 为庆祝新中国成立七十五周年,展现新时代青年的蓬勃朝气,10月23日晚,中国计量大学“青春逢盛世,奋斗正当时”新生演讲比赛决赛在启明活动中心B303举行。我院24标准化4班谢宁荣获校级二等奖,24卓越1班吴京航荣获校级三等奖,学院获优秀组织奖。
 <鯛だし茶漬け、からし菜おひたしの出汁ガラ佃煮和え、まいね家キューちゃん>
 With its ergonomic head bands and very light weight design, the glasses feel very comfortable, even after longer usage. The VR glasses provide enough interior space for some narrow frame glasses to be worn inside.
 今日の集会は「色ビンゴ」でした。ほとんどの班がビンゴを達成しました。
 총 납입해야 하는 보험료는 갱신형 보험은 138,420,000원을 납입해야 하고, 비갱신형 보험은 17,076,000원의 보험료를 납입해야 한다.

++++

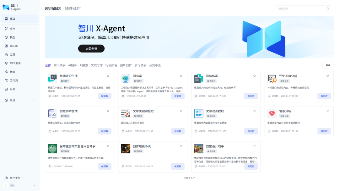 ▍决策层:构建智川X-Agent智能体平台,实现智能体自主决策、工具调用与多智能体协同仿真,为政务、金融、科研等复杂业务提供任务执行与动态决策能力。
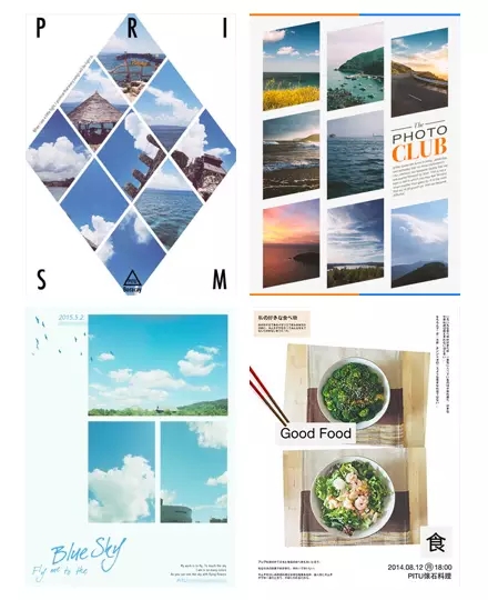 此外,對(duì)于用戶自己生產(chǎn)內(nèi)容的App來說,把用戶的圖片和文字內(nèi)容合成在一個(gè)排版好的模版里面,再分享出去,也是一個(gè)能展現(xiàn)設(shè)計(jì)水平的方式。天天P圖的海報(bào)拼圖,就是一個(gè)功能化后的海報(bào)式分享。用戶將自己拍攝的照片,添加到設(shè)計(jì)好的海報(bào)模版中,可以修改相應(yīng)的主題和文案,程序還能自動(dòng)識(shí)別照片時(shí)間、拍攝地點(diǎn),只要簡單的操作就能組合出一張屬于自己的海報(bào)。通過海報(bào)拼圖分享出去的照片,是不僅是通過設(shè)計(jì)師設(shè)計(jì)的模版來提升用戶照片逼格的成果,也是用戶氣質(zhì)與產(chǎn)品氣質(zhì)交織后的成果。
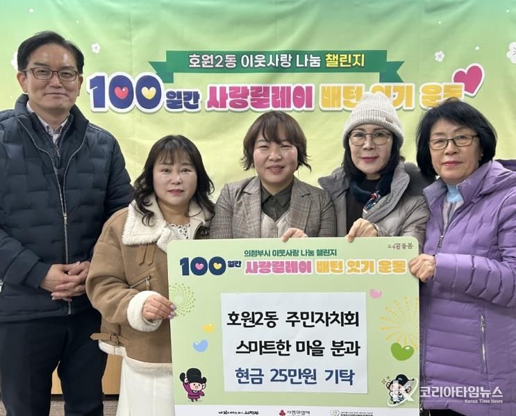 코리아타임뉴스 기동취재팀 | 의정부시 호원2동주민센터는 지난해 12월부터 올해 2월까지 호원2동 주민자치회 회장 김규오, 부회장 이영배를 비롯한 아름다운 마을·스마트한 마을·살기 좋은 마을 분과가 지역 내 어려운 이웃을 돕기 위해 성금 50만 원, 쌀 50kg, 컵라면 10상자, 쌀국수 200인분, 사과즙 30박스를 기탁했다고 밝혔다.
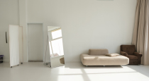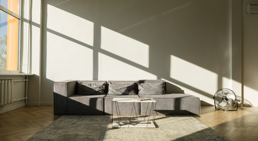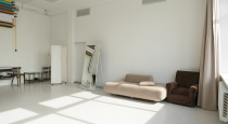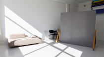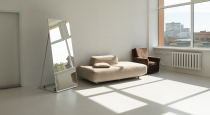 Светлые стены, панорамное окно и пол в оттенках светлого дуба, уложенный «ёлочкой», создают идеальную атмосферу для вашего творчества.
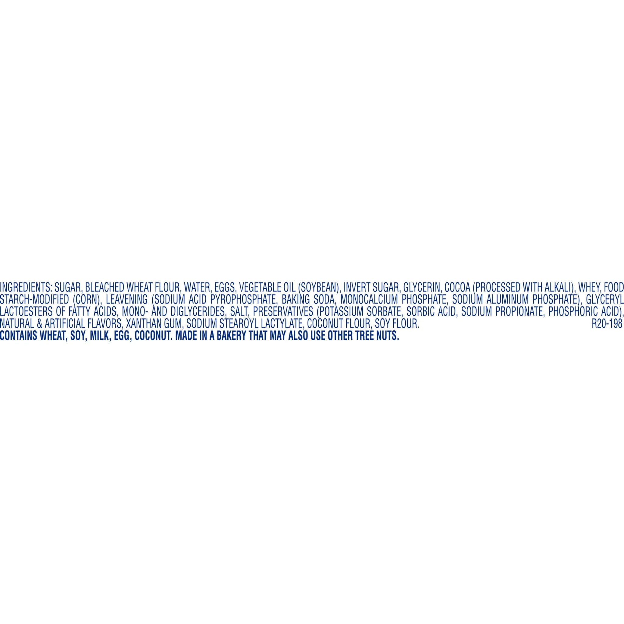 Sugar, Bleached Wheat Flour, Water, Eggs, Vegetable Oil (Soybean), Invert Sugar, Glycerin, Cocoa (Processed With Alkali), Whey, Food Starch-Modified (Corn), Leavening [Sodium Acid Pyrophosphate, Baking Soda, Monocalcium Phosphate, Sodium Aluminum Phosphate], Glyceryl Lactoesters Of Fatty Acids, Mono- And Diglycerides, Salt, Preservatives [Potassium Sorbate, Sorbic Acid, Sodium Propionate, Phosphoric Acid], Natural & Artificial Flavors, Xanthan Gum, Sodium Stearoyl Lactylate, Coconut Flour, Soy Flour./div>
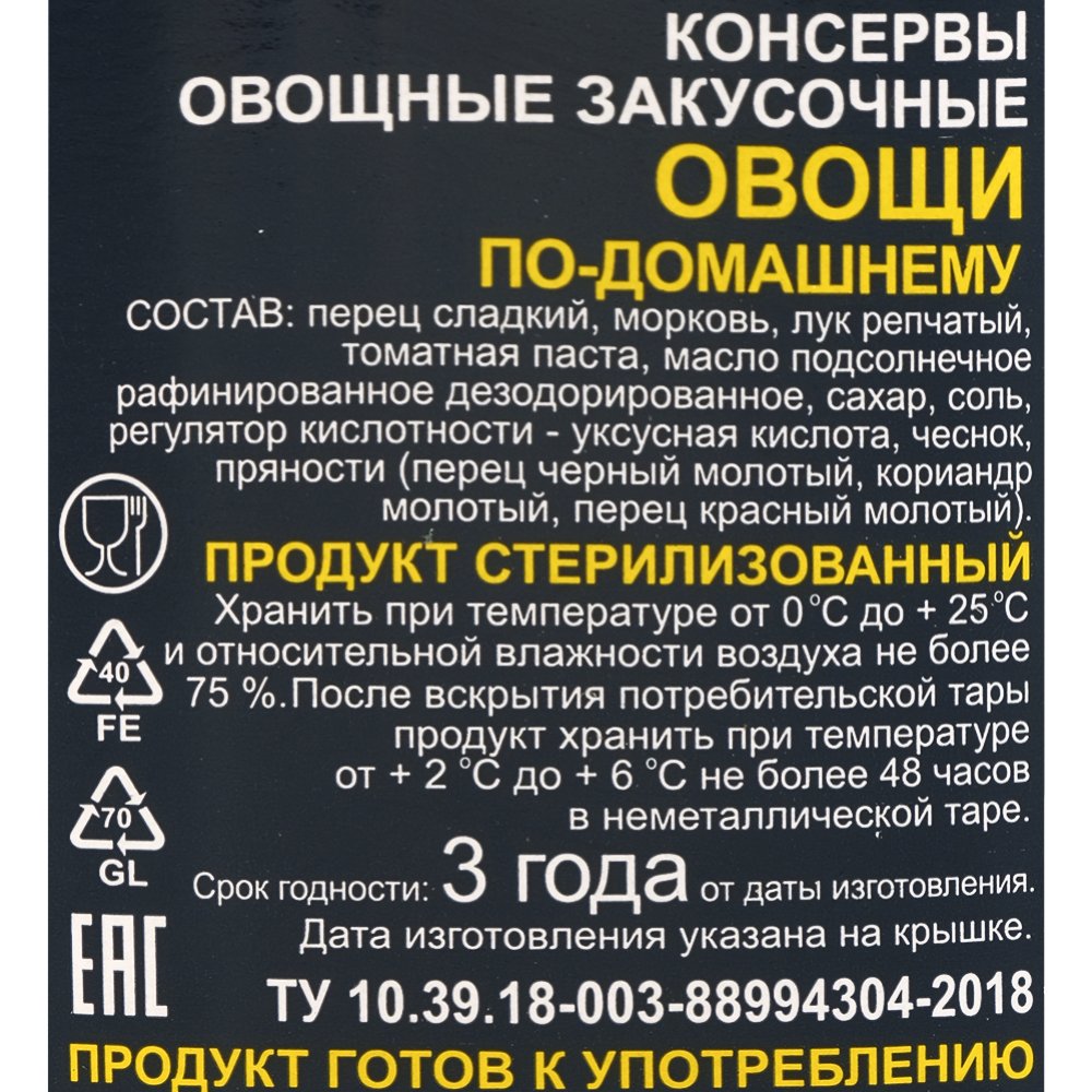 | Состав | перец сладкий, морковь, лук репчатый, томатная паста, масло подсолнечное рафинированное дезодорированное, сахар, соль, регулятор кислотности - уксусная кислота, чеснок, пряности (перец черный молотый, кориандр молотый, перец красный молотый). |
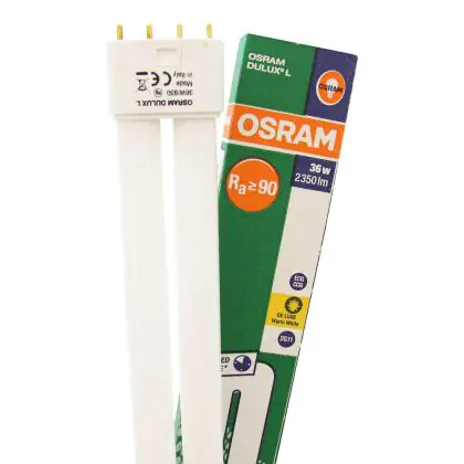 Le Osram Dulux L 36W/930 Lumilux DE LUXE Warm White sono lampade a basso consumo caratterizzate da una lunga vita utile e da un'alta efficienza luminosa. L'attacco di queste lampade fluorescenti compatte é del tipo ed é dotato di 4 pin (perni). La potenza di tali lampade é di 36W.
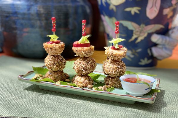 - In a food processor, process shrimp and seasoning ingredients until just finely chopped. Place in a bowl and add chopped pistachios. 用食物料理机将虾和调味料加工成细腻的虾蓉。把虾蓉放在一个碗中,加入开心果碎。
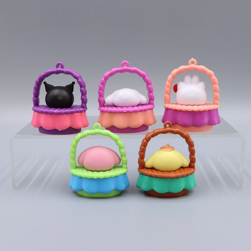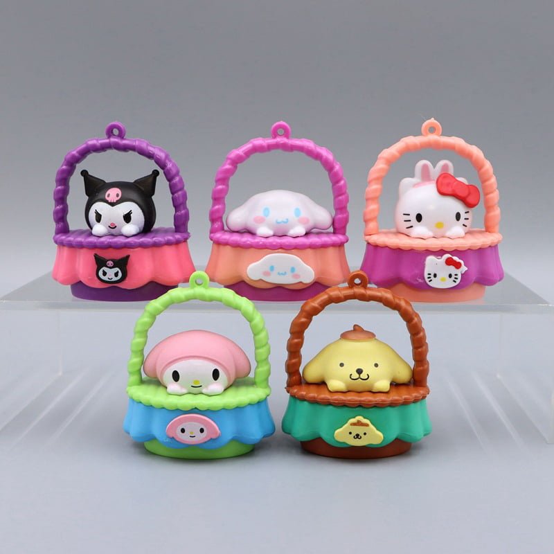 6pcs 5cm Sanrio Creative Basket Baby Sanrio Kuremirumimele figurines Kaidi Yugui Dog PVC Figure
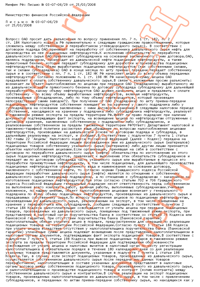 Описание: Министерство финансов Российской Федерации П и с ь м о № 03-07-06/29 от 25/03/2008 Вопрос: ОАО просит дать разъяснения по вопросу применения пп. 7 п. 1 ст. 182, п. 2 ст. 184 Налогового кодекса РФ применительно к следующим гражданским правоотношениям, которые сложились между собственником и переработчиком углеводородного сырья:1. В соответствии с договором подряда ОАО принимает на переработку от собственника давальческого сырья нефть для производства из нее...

++++

__What the task requires__.
Please return the material above only from the line that holds "- In a food" through the line that holds "6pcs 5cm Sanrio", exactly as it stands, ends included and pictures omitted.

__Result of this task__.
 - In a food processor, process shrimp and seasoning ingredients until just finely chopped. Place in a bowl and add chopped pistachios. 用食物料理机将虾和调味料加工成细腻的虾蓉。把虾蓉放在一个碗中,加入开心果碎。
 6pcs 5cm Sanrio Creative Basket Baby Sanrio Kuremirumimele figurines Kaidi Yugui Dog PVC Figure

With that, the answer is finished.